Jefferies underlines market concerns about Vestas' earnings ability

The market fears Vestas won’t see improved operating margins despite diminishing costs in 2023, according to investment bank Jefferies.
Photo: Vestas Pr
Photo: Vestas Pr
BY MARKETWIRE, TRANSLATED BY CHRISTOFFER ØSTERGAARD

Short-term concerns regarding the supply chain situation and China’s growth have weighed down Vestas’ share, resulting in a lukewarm start to the year.

The market fears that not even 2023 will be the year that sees Vestas improve earnings margins despite diminishing costs, according to an assessment carried out by investment bank Jefferies ahead of the publication of the Danish turbine manufacturer’s annual report, set to be released in February.

Throughout 2022, the company has been heavily impacted by rising costs of raw materials and logistics, among other factors bearing down on its earnings capacity. 

Vestas expects an EBIT margin before special items of approx. 5% in 2022.

The market is especially focused on the operations forecast when Vestas releases the Q4 report along with the full 2022 report on Feb. 8.

”Management will remain cautious about the margin forecast given that there are still uncertainties ahead and especially in the first half of year as a result of improvement in supply chains and in China,” Jefferies states.

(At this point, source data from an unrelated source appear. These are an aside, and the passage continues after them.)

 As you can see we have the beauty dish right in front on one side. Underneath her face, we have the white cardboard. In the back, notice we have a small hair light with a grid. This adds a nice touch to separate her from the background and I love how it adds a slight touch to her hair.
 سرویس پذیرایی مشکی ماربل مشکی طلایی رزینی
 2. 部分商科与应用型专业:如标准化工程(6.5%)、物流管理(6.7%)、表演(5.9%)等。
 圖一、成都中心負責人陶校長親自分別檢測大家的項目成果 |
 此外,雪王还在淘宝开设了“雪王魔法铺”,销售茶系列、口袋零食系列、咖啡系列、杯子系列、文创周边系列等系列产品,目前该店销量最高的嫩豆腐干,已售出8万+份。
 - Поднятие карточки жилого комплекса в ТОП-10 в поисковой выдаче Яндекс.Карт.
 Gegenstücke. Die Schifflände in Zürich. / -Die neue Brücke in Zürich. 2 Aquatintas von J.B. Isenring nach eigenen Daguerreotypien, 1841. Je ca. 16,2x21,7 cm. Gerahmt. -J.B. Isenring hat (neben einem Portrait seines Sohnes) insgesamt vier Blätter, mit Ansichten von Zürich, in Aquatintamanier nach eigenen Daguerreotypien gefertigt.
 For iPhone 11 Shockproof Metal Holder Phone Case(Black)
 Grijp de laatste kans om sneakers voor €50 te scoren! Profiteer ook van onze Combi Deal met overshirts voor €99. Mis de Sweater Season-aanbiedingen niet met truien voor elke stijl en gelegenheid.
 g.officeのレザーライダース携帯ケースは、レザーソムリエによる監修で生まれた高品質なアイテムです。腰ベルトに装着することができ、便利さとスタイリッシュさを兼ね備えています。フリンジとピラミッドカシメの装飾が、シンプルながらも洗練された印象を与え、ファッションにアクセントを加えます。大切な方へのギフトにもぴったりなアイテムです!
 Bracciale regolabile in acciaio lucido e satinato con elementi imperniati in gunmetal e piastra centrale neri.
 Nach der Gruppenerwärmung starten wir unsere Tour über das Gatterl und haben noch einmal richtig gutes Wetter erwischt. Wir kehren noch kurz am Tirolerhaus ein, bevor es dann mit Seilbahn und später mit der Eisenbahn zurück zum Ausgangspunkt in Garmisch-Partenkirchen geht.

Uncertainties in relation to China and the supply chains are considered temporary, however ­ though the question remains how long such challenges will persist. The market will know more on this after Vestas releases its 2023 guidance in connection with the annual accounts.

The turbine maker’s guidance could prove the last straw leading investors to scout further ahead in the hopes of improvement, thus potentially weigh down on the share price, writes Jefferies.

Effect of subsidies

Last year, the US government approved the Inflation Reduction Act, which comes with subsidies for renewable energy projects, and there are talks of similar legislation in the EU.

Jefferies raises doubts about whether the legislative packages will have the desired effect. Conversely, analysts note that these subsidies are far more than extensive than those of the past.

”State subsidies and tax breaks should support the financials of the projects and the scalability in production capacity. Most importantly, there is a strong focus on construction permits, which remain the primary bottleneck in Europe.”

Despite risks of delays in constructing wind projects, Jefferies highlights energy security and energy independence as topics which are here to stay.

Jefferies has a ”buy” recommendation and settles on a target price of DKK 254 for the Vestas share, which ended 0.5% higher at DKK 202.05 as trading closed on Friday.